Keywords: glucose-regulated proteins ; heat shock proteins ; heat shock ; okadaic acid ; protein phosphorylation ; vimentin ; Life and Medical Sciences ; Cell & Developmental Biology

Source: Wiley InterScience Backfile Collection 1832-2000

Topics: Biology , Chemistry and Pharmacology , Medicine

Notes: We have demonstrated that pretreatment but not post-treatment with okadaic acid (OA) can aggravate cytotoxicity as well as alter the kinetics of stress protein expression and protein phosphorylation in heat shocked cells. Compared to heat shock, cells recovering from 1 hr pretreatment of OA at 200 nM and cotreated with heat shock at 45°C for the last 15 min of incubation (OA→HS treatment) exhibited enhanced induction of heat shock proteins (HSPs) 70 and 110. In addition to enhanced expression, the attenuation of HSC70 and HSP90 after the induction peaks was also delayed in OA→HS-treated cells. The above treatment also resulted in the rapid induction of the 78 kDa glucose-regulated protein (GRP78), which expression remained constant in cells recovering from treatment with 200 nM OA for 1 hr, heat shocked at 45°C for 15 min, or in combined treatment in reversed order (HS→OA treatment).
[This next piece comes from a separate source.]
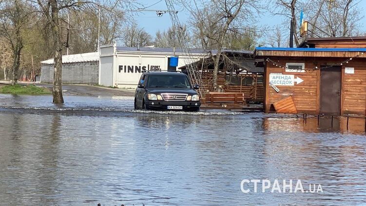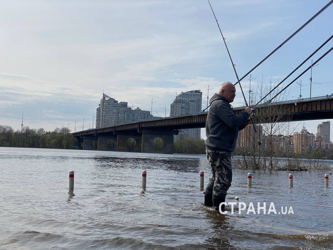Под водой также оказались площадки для паркинга автомобилей. Некоторые киевляне на таких парковках устроили целое развлечения катаясь здесь на автомобилях. А кто-то даже ловит рыбу.
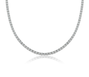 Expertly sculpted from the finest 14kt white gold, this regal necklace parades a standard tennis style design adorned with glinting diamonds that add an irresistible charm, outshining ordinary creations and symbolizing your unrivaled taste. The harmonious amalgamation of lustrous white gold and sparkling diamonds exudes an aura of eternal elegance and luxury that is uniquely its own.

Enhanced phosphorylation of vimentin and proteins with molecular weights of 65, 40, and 33 kDa and decreased phosphorylation of a protein with a molecular weight of 29 kDa were also observed in cells recovering from OA→HS treatment. Again, protein phosphorylation in cells recovering from HS→OA treatment did not differ from those in cells treated only with heat shock. Since the alteration in the kinetics of stress protein expression and protein phosphorylation was tightly correlated, we concluded that there is a critical link between induction of the stress proteins and phosphorylation of specific proteins. Furthermore, the rapid induction of GRP78 under the experimental condition offered a novel avenue for studying the regulation of its expression. © 1996 Wiley-Liss, Inc.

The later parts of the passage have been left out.